Notre Dame's four-headed committee at running back piled up just 84 yards on 29 carries, a whopping 2.9 yards per carry. More troubling than the yards per carry was the inability of the Irish to get reliable production out of the backs for the bulk of the game.
George Atkinson III again started the show for the Irish, getting six carries with mixed results. Amir Carlisle, the Irish's leading rusher entering the game, carried just three times for nine yards. Freshman Tarean Folston picked up another four carries; his role is starting to expand.
Yet again, Cam McDaniel did the heavy lifting for the Irish as Brian Kelly's club salted the game away with some tough running late.
The result, following the poor collective rushing effort, was Rees being tasked with carrying the load for the Irish. Rees responded by not throwing any interceptions but completing less than half of his passes. Yes, there were drops, but more important was the sheer volume of passing that the Irish had to do to win the game.
Notre Dame's running back woes, coming off a year where the run game was the focus, are troubling. Pinpointing the issue has not been easy as Kelly cycles running backs in and out of the game, looking for the spark to get the ground game going. Last week, it seemed that McDaniel might be the answer, but Kelly waited until late in the third to feed the junior the ball.
Instead of pounding McDaniel against a Michigan State team that was struggling moving the ball against the Irish defense, Kelly opted for the pass game. Notre Dame threw the ball long. It threw the ball short. It looked for intermediate passes and quick hitters.

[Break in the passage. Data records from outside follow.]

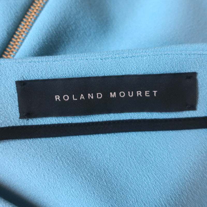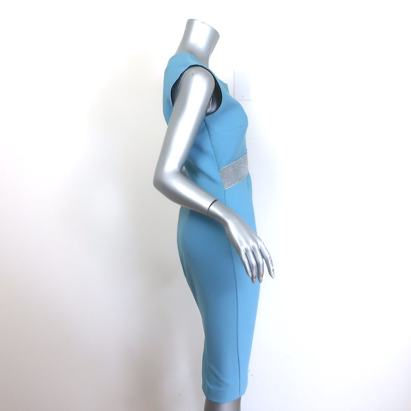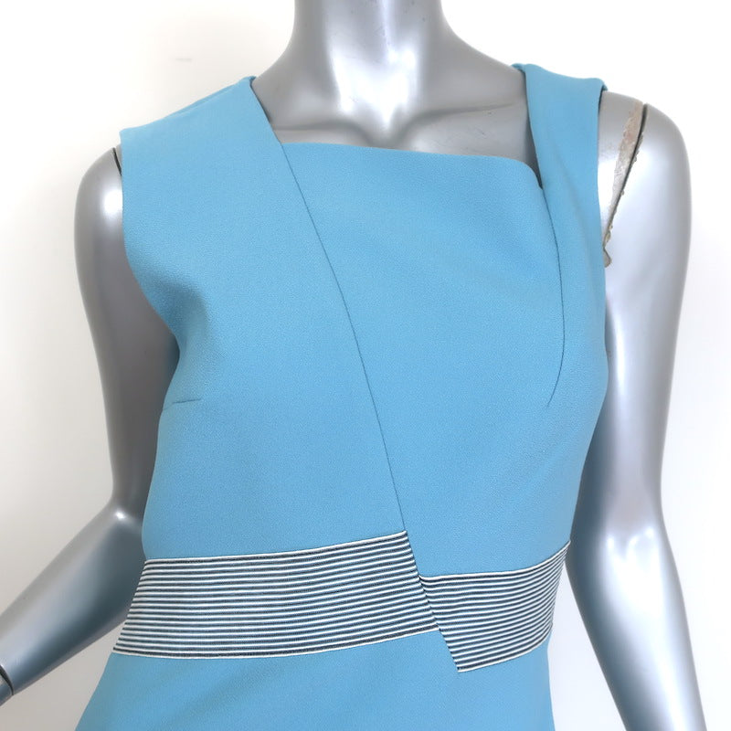 Roland Mouret Striped-Band Asymmetric Sheath Dress Blue Stretch Crepe Size US 6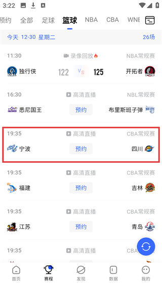 3、在篮球赛事列表中,找到【19:35-CBA常规赛-宁波vs四川】的赛事条目,点击该条目可进入详情页。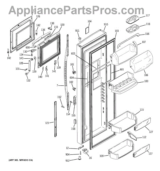 The Door Bin is an OEM part for GE refrigerators. It is a convenient storage compartment located on the interior of the refrigerator door, designed to hold and organize smaller items such as condiments, jars, or beverages.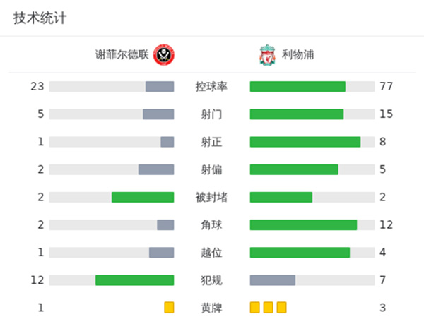 全场比赛结束,最终利物浦2-0谢菲尔德联队。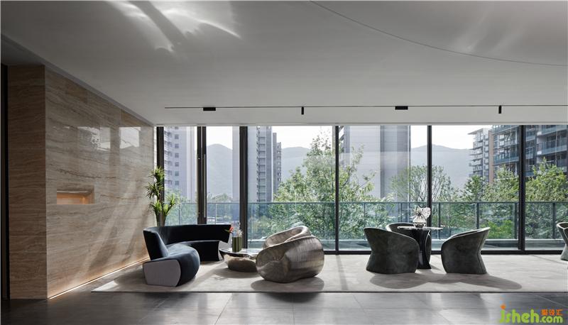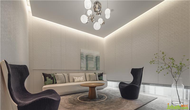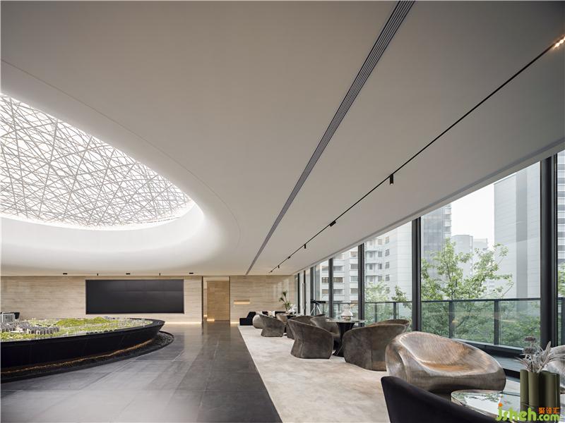 洽談區(qū)整個空間設(shè)計上追求與自然相融合。軟裝家具大量選用自建筑大師扎哈的設(shè)計作品,這也與扎哈一貫的設(shè)計理念相契合。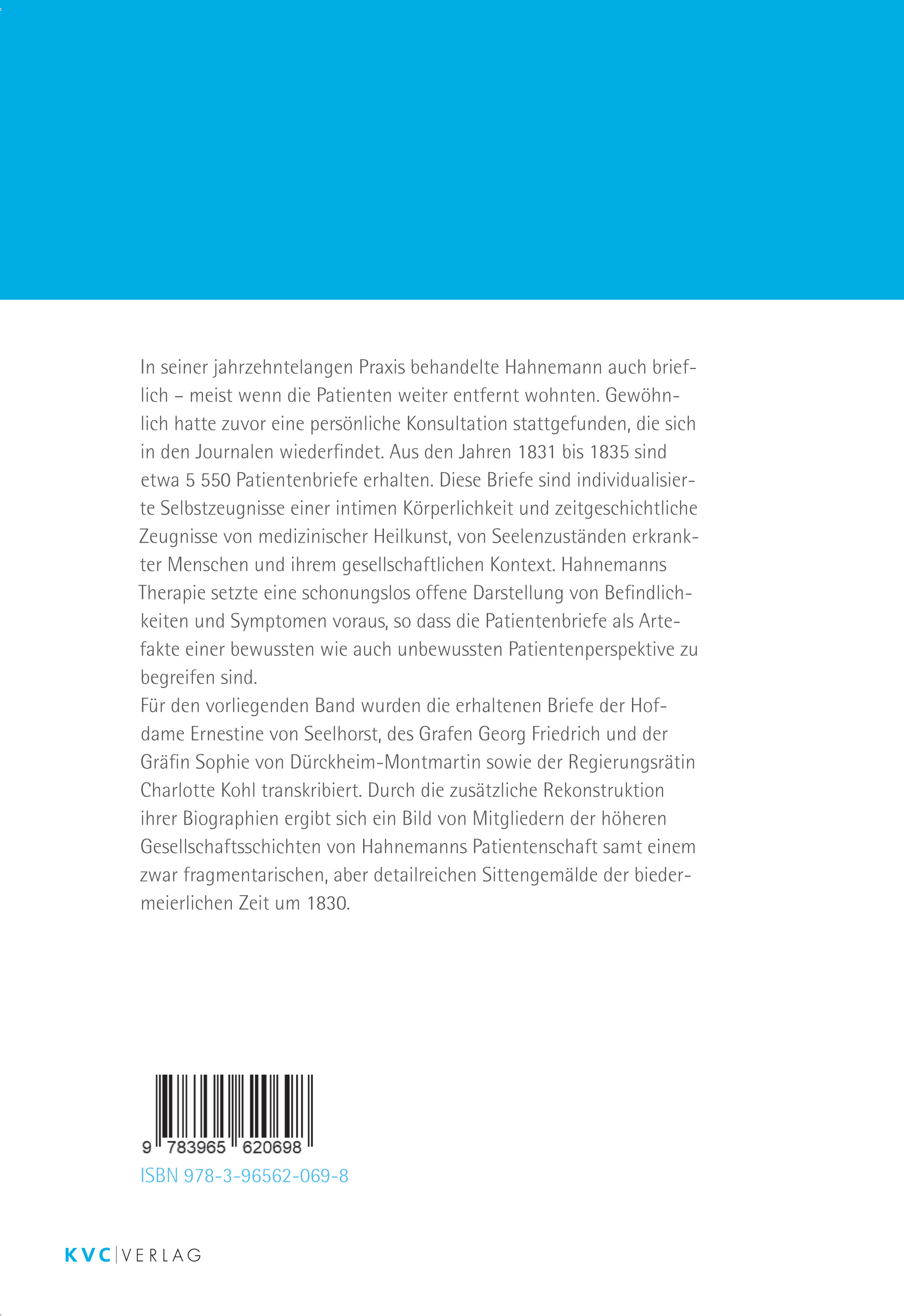 Für den vorliegenden Band von Melanie und Thilo Schlott wurden die erhaltenen Briefe der Hofdame Ernestine von Seelhorst, des Grafen Georg Friedrich und der Gräfin Sophie von Dürckheim-Montmartin sowie der Regierungsrätin Charlotte Kohl transkribiert. Durch die zusätzliche Rekonstruktion ihrer Biographien ergibt sich ein Bild von Mitgliedern der höheren Gesellschaftsschichten von Hahnemanns Patientenschaft samt einem zwar fragmentarischen, aber detailreichen Sittengemälde der biedermeierlichen Zeit um 1830.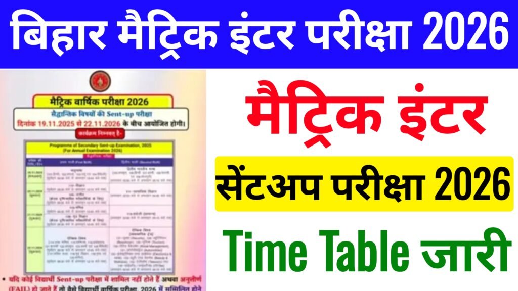 Bihar Board 10th 12th Sent-UP Exam 2026 Time Table: कक्षा 10वीं 12वीं के लिए सेंट-अप परीक्षा का टाइम टेबल जारी, यहां से करें डाउनलोड:- नमस्कार दोस्तों अगर आप भी बिहार बोर्ड के विद्यार्थी हैं और आप मैट्रिक और इंटर में अध्ययन कर रहे हैं तो आप सभी के लिए बहुत बड़ी न्यूज़ बिहार बोर्ड के … Continue reading Bihar Board 10th 12th Sent-UP Exam 2026 Time Table: कक्षा 10वीं 12वीं के लिए सेंट-अप परीक्षा का टाइम टेबल जारी, यहां से करें डाउनलोड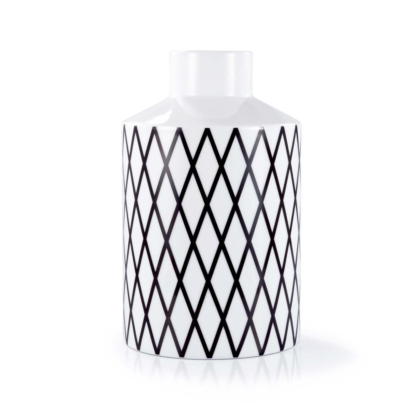 是花瓶也可以是裝點逸品 本產品選用高級白瓷搭配時尚簡約的圖騰點綴,於花藝設計中陪襯而不搶戲,在平時擺飾時低調卻不單調。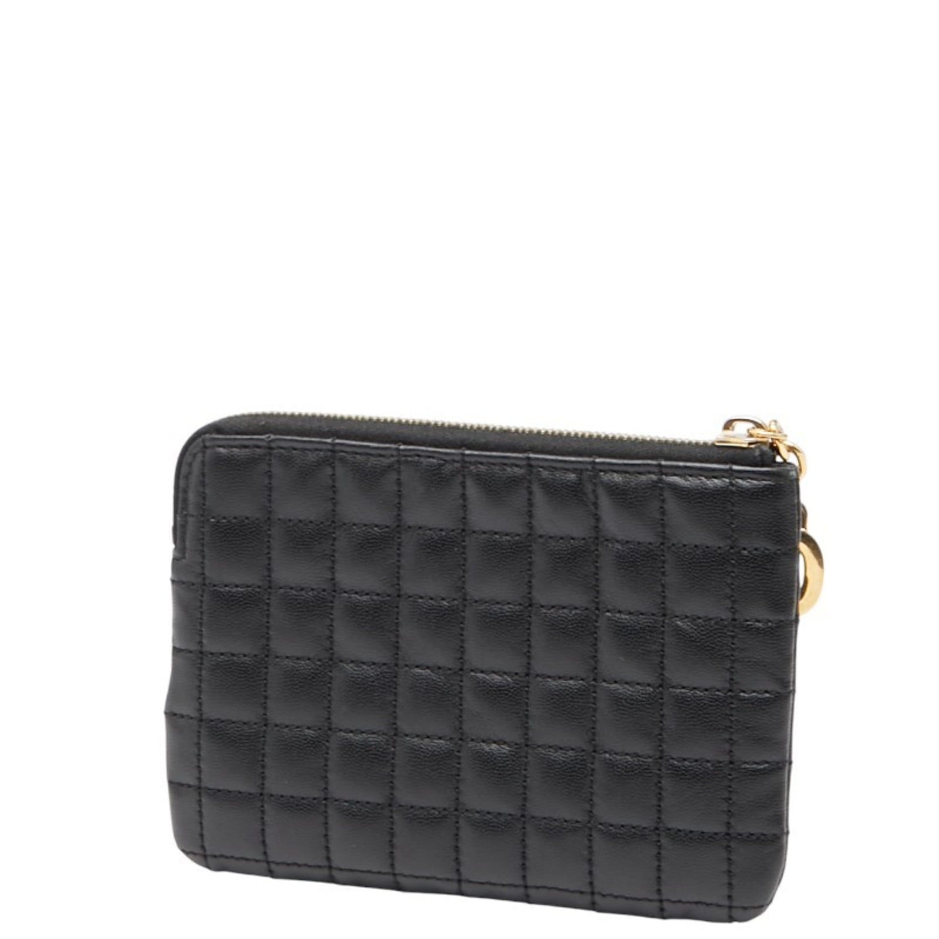Celine C Charm Quilted Wallet/Coin Case/Business Card Case/Card Case Black Leather Women\'s CELINE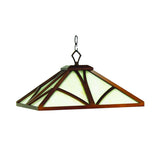 Wood framing creates an arrow-inspired detail to complement each side of the square stained glass shade on this Chateau pendant light with a chestnutfinish.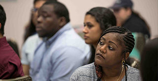 04---A student listens as the Summer 2018 classroom series at St. Philip's College known as Jessica's Project conveys the dangers of shaken baby syndrome in a teen pregnancy prevention awareness project presentation using computerized mannequin babies as training aids. The event for 130 of the college's vocational nursing and natural science students took place June 28 in the college's Campus Center building in San Antonio's Denver Heights neighborhood. (SPC Photo by Julysa Sosa)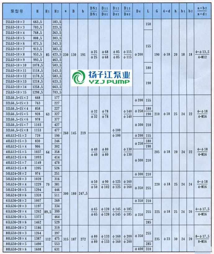 LG型高層建筑多級(jí)給水泵安裝尺寸表: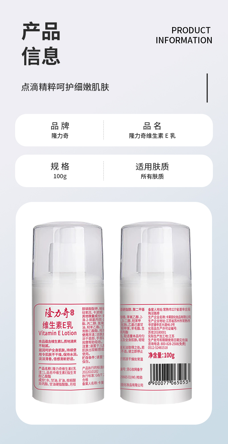 隆力奇 LLQ-003 维生素E乳100g* 2 补水保湿 养护肌肤 白色(单位:瓶)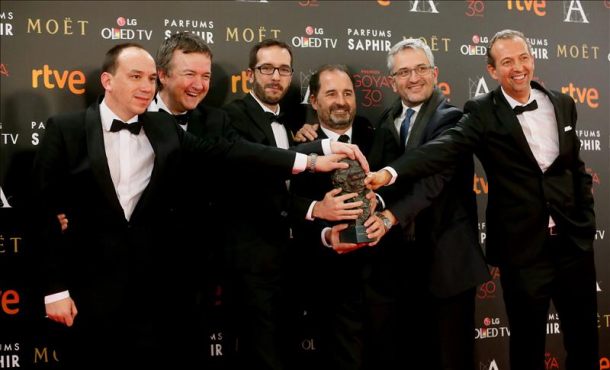 Efe – La película «Atrapa la bandera», del cineasta vallisoletano Enrique Gato, ha conseguido esta noche el Goya a la mejor película de animación. El equipo de productores han requerido al director Enrique Gato para que subiera a recoger el premio, aunque no dio tiempo a que el realizador agradeciera su premio, ya que se solapó el momento con el vídeo «in memoriam» que, todas las galas, recuerda a los hombres y mujeres del cine que han fallecido y que ha concluido con una aplaudida imagen de Lina Morgan. Madrid, 6 febrero 2016. Fotografía: Integrantes del equipo que ha creado la cinta de animación «Atrapa la bandera», tras recibir el Goya a la «Mejor película de animación», durante la ceremonia de la 30 edición de los Premios Goya, que entrega la Academia de Cine, celebrada esta noche en el Hotel Auditorium de Madrid. Efe.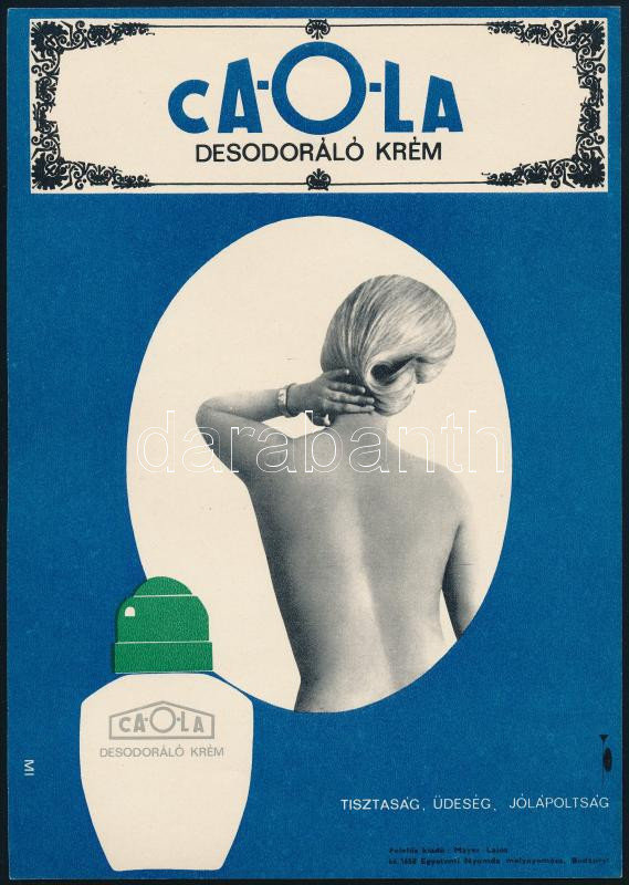 Müller Ilona (1929-2012): Caola desodoráló krém, 1966. Reklámplakát, villamosplakát, papír, jelzett a plakáton. Egyetemi Nyomda. 23,5x16,5 cm

Eight different players caught the football for the Irish on an off day for Rees, including two freshmen getting in on the action. It is clear that the Irish have weapons in the passing game; if Rees can hit his spots, his teammates have the ability to cause problems in the back end.
However, with no run game to balance the play-calling, the Irish are becoming quite one-dimensional: 51 passes against Michigan, 33 passes against Purdue and 34 passes against Michigan State. Too many tosses for Rees and the Fighting Irish.
Until the running game materializes in a consistent way for Notre Dame, Rees throwing 30 or more passes a game is going to be the norm.